Problem to solve: Retype, exactly as they stand, the lines from the start of the data to the line that contains "Růžový overal se slony a mašlemi", both ends included. Leave the pictures out.

Records for processing:
- Opening Delimiter -
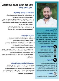 مسؤول ومدير اداري خبرة أكثر من 8 سنوات بالسوق السعودي تعليم عالي بكالوريوس أجيد اللغة العربية والانجليزية بشكل جيد جدا عملت في ادارة وتشغيل العديد من القطاعات قطاع التصنيع والمصانع قطاع السياحة والفنادق وادارة قاعات الحفلات والمنتجعات السياحية والصحية عملت في قطاع التصوير الفيديو والفتوغرافي عملت في قطاع المبيعات والتسويق الالكتروني والتسويق الميداني العمل على تطوير وادارة المشاريع الصغيرة والمتوسطه
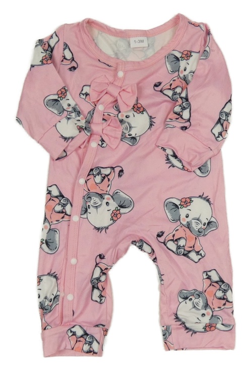 Růžový overal se slony a mašlemi
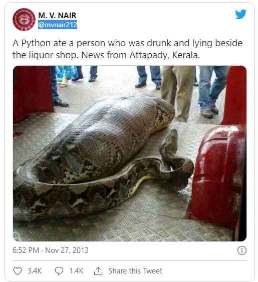 Vào tháng 11/2013, mạng xã hội thế giới xôn xao với bài đăng của người dùng Twitter sở hữu tài khoản @mvnair212 nói về một người đàn ông say xỉn ở Attapady, Kerala, Ấn Độ, bị con trăn khổng lồ nuốt chửng khi đang nằm ngủ bên cạnh một cửa hàng bán rượu. Bài đăng kèm với bức ảnh ấn tượng cho thấy con vật khổng lồ nằm nghỉ mệt sau khi xơi tái con mồi ngon, lập tức thu hút sự chú ý của đông đảo dân mạng.
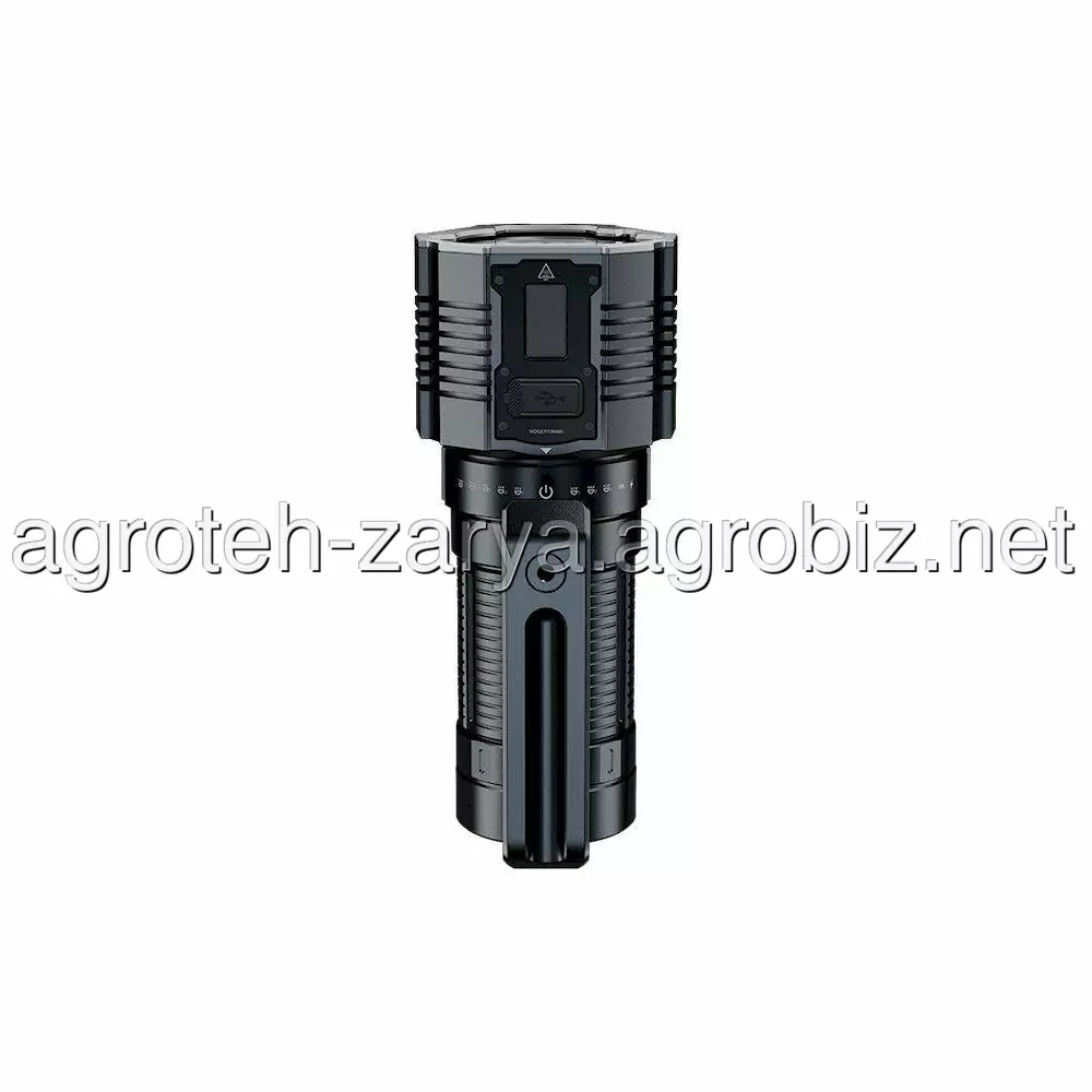 Зарядний порт USB Type-C знаходиться поряд з OLED-дисплеєм, який автоматично загоряється в момент початку заряджання та відображає рівень заряду акумуляторів. Ліхтар підтримує функцію швидкого заряджання при використанні зарядного адаптера потужністю 45 Вт і вище, тому весь процес триває не більше 1.5 години.
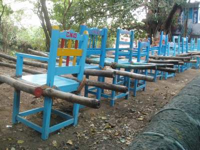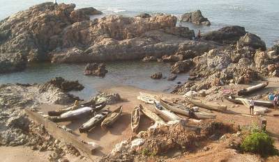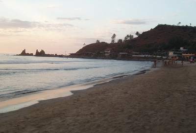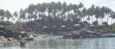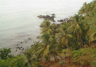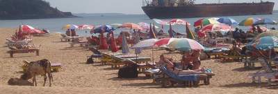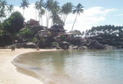 We got a general ticket on the next train two hours later. At the appointed time, a train pulled up to the station; we couldn't find a general compartment, so we jumped into an AC sleeper. Shortly after the train pulled away, a fellow passenger informed us that we had in fact boarded the wrong train and that we would no doubt be fined heavily. Since this was an express, it would likely not stop til well after our intended destination, so all there was to do was sit down and enjoy the ride. A waiter came by and offered to bring us a few extra breakfast omellettes provided we gave him a tip; this sounded like a great deal until he rejected our first tip (a very generous 50 rupees) and would accept no less than double that (the implication clearly was that this was hush money for not running to the ticket collector). The train stopped earlier than we expected, so we jumped off at the town of Karwar without the slightest inkling what the place was about; for some reason of which I'm not really aware, we decided to forget about the train that would be arriving shortly and take a taxi to the bus stand where we caught a ride to Canacona. When we reached that station, the girls decided that they would find a taxi to Palolem; I opted to hop on one of the buses that left every 10 seconds and never saw them again.
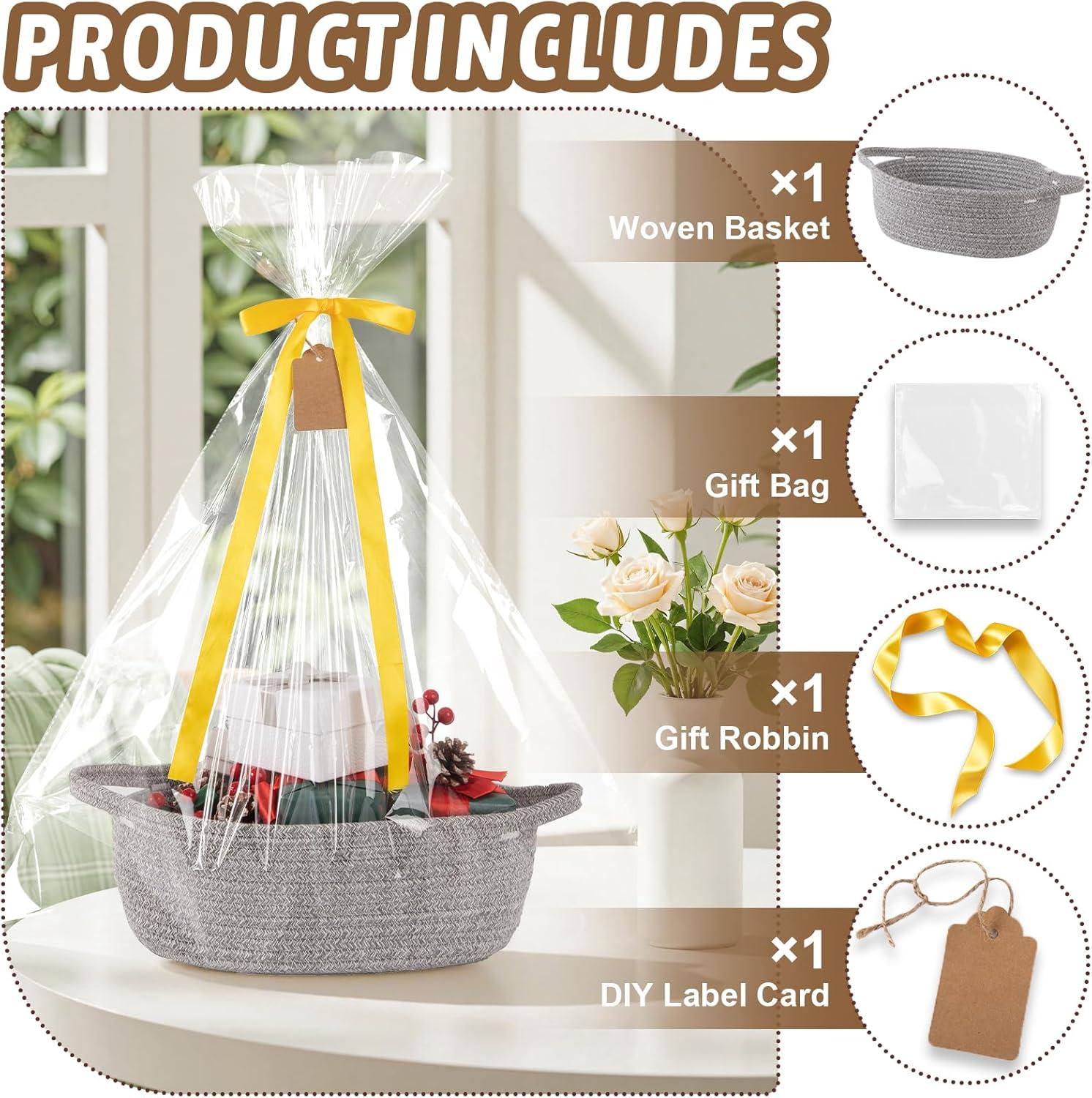OIAHOMY Small Woven Basket with Gift Bags, Ribbons & DIY Label Card, Baskets for Gifts Empty, Small Rope Basket 12 * 8 * 5IN, Cute Decorative baskets with Handles for Baby Pets, Toys, Green(Grey)
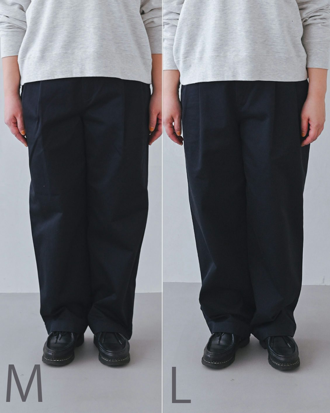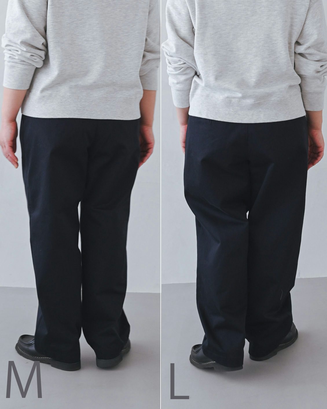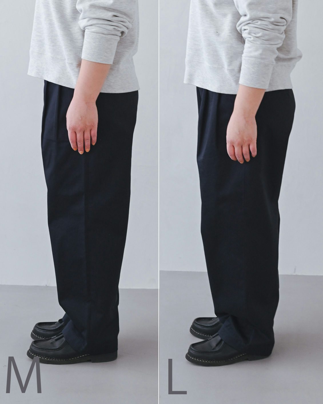 どちらも問題なく穿くことはできるのですが、今の好み的には少しルーズに、日常に溶け込むLサイズを選びたい気分です。
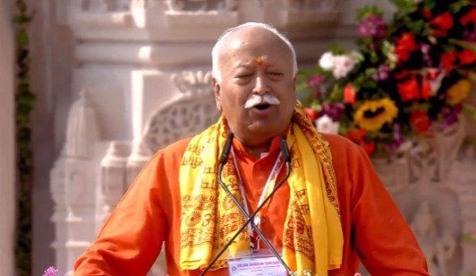 ‘ उन्होंने कहा, ”जो लोग हर दिन पृष्ठभूमि में काम करते थे, उन्होंने भी राम मंदिर का सपना देखा था, अब जब रस्में पूरी हो गई हैं तो ‘राम राज्य’ का झंडा फहराया गया है।” उन्होंने कहा, “इतना ऊंचा ध्वज फहराने में बहुत समय लगा है। आप सब जानते हैं कि मंदिर बनने में कितना समय लगा — अगर 500 साल को छोड़ भी दें, तो 30 साल लगे।” संघ प्रमुख ने कहा कि इस ध्वज के माध्यम से कुछ बुनियादी मूल्यों को ऊपर उठाया गया है। भागवत ने कहा, “ये वो मूल्य हैं जो दुनिया को रास्ता दिखाएंगे — निजी जीवन से लेकर पारिवारिक जीवन और पूरी सृष्टि के जीवन तक। धर्म ही सबकी भलाई सुनिश्चित करता है।” उन्होंने कहा कि झंडे का केसरिया रंग धर्म को दिखाता है और इसलिए इसे ‘धर्म ध्वज’ कहा जाता है।
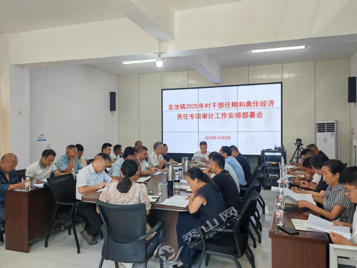 秀山网讯 10月9日,龙池镇召开2025年村(社区)“两委”班子成员任期和离任经济责任专项审计工作部署会。旨在深入贯彻落实中央、省、市、县关于加强农村基层治理和集体“三资”监管的决策部署,进一步护航村(社区)“两委”平稳换届。
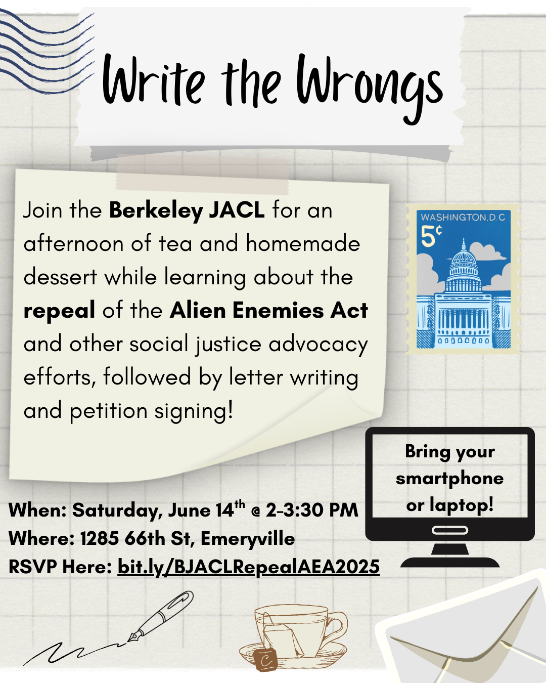 |  | Join Berkeley JACL for an afternoon of tea and homemade dessert while learning about the repeal of the Alien Enemies Act and other social justice advocacy efforts, followed by letter writing and petition signing! Bring your smart phone or laptop! |
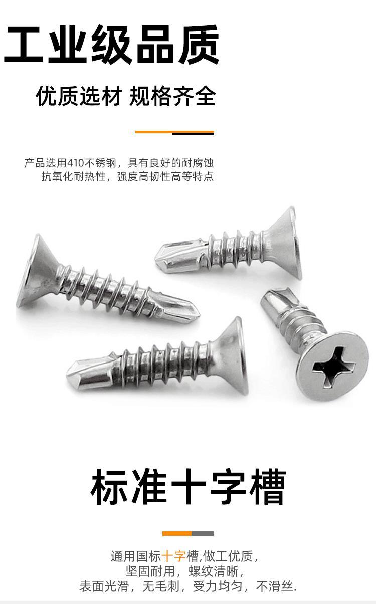 Tornillos Autorroscantes de Acero Inoxidable 410 Personalizados de Cabeza Plana Cruzada con Cola de Taladro, Cabeza Avellanada, Cola de Milano, Alambre, Tornillos Autorroscantes, Clavos de Cola de Milano
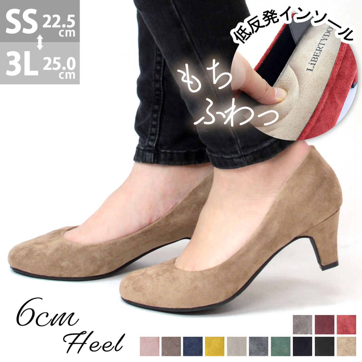 パンプス低反発 インソール 6センチヒール やわらかい かかと クッション スウェード 太めヒール 小さいサイズ セレモニー スーツ 青
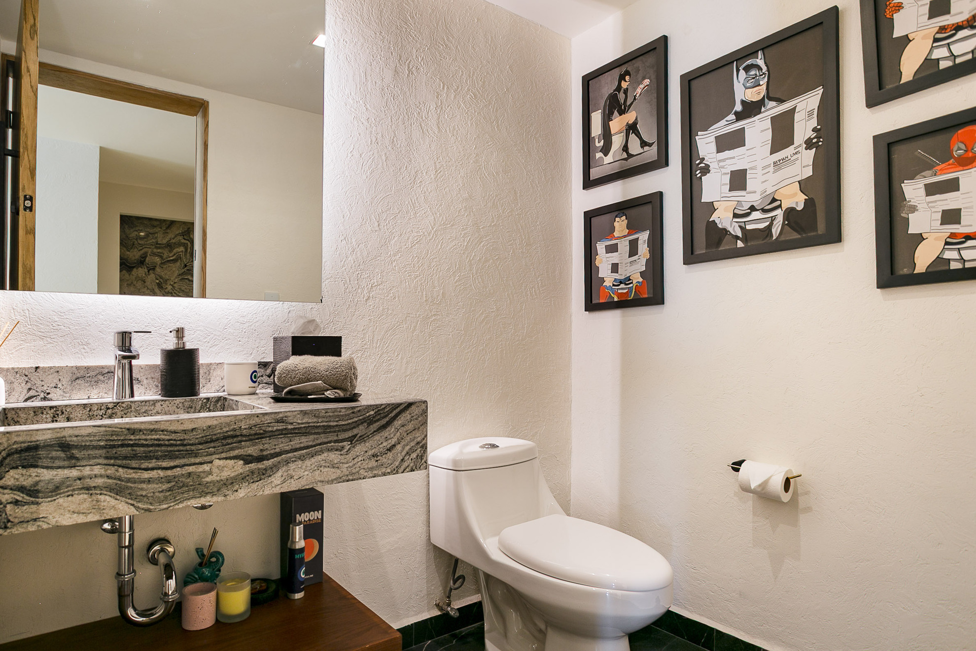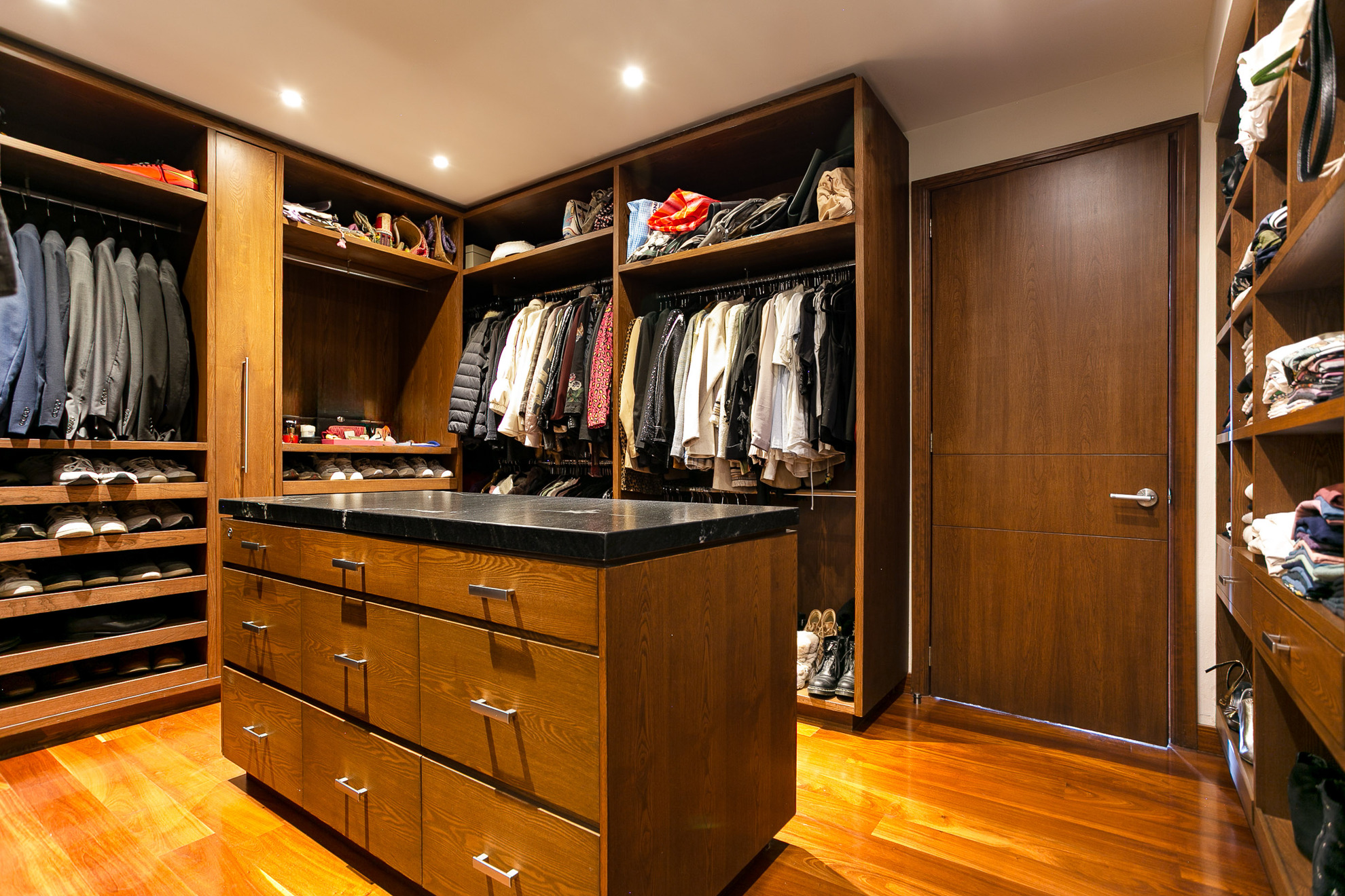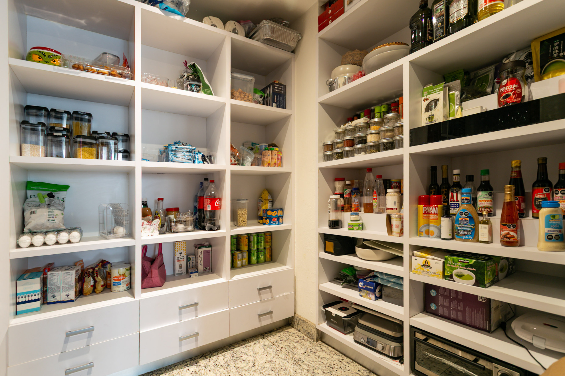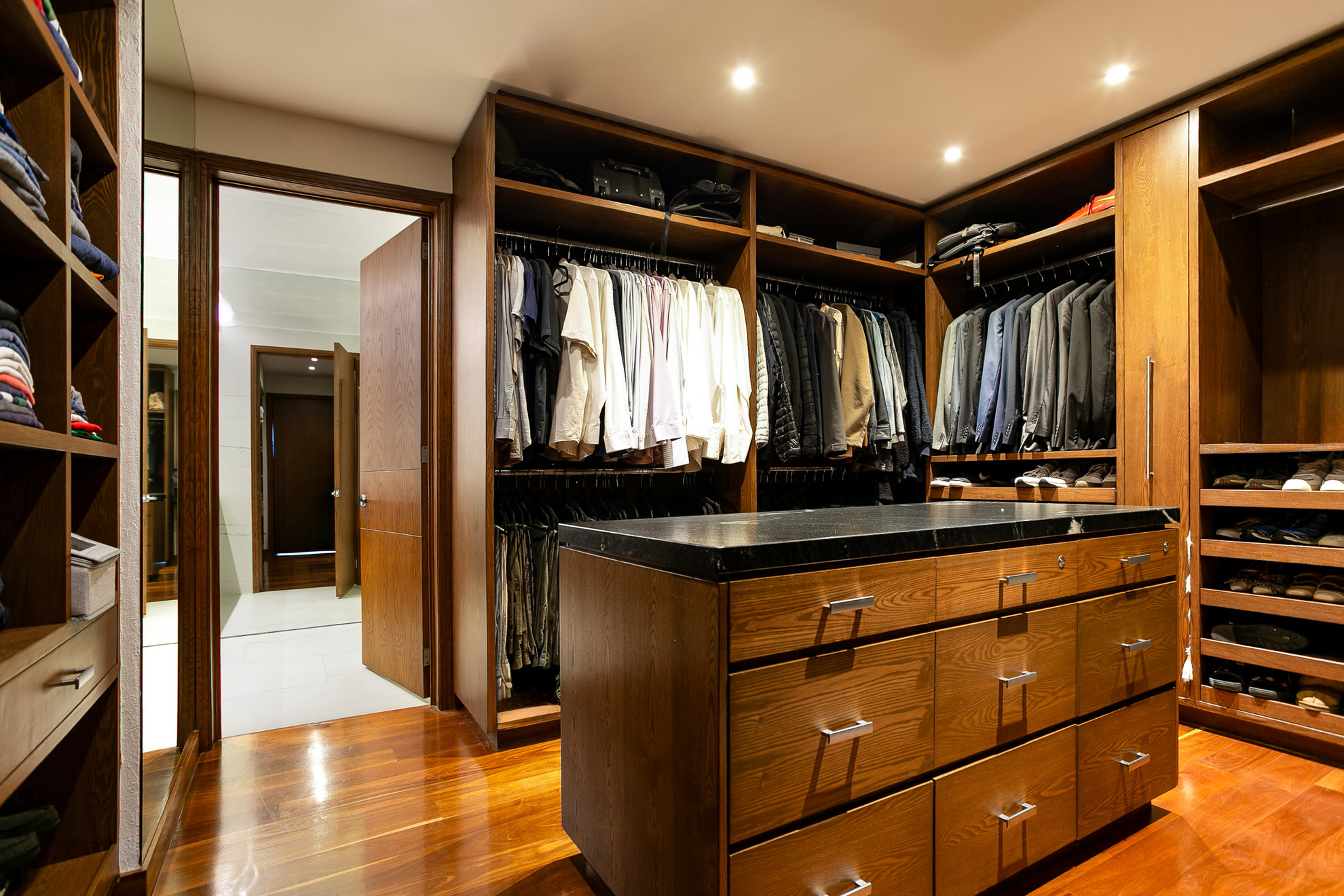 Un mueble de madera a medida funciona como área de almacenamiento y exhibición, aportando funcionalidad sin perder estética. Los acabados en madera, los tonos neutros y la iluminación empotrada en plafón logran un ambiente moderno, cálido y sofisticado.
- Closing Delimiter -
Solution:
 مسؤول ومدير اداري خبرة أكثر من 8 سنوات بالسوق السعودي تعليم عالي بكالوريوس أجيد اللغة العربية والانجليزية بشكل جيد جدا عملت في ادارة وتشغيل العديد من القطاعات قطاع التصنيع والمصانع قطاع السياحة والفنادق وادارة قاعات الحفلات والمنتجعات السياحية والصحية عملت في قطاع التصوير الفيديو والفتوغرافي عملت في قطاع المبيعات والتسويق الالكتروني والتسويق الميداني العمل على تطوير وادارة المشاريع الصغيرة والمتوسطه
 Růžový overal se slony a mašlemi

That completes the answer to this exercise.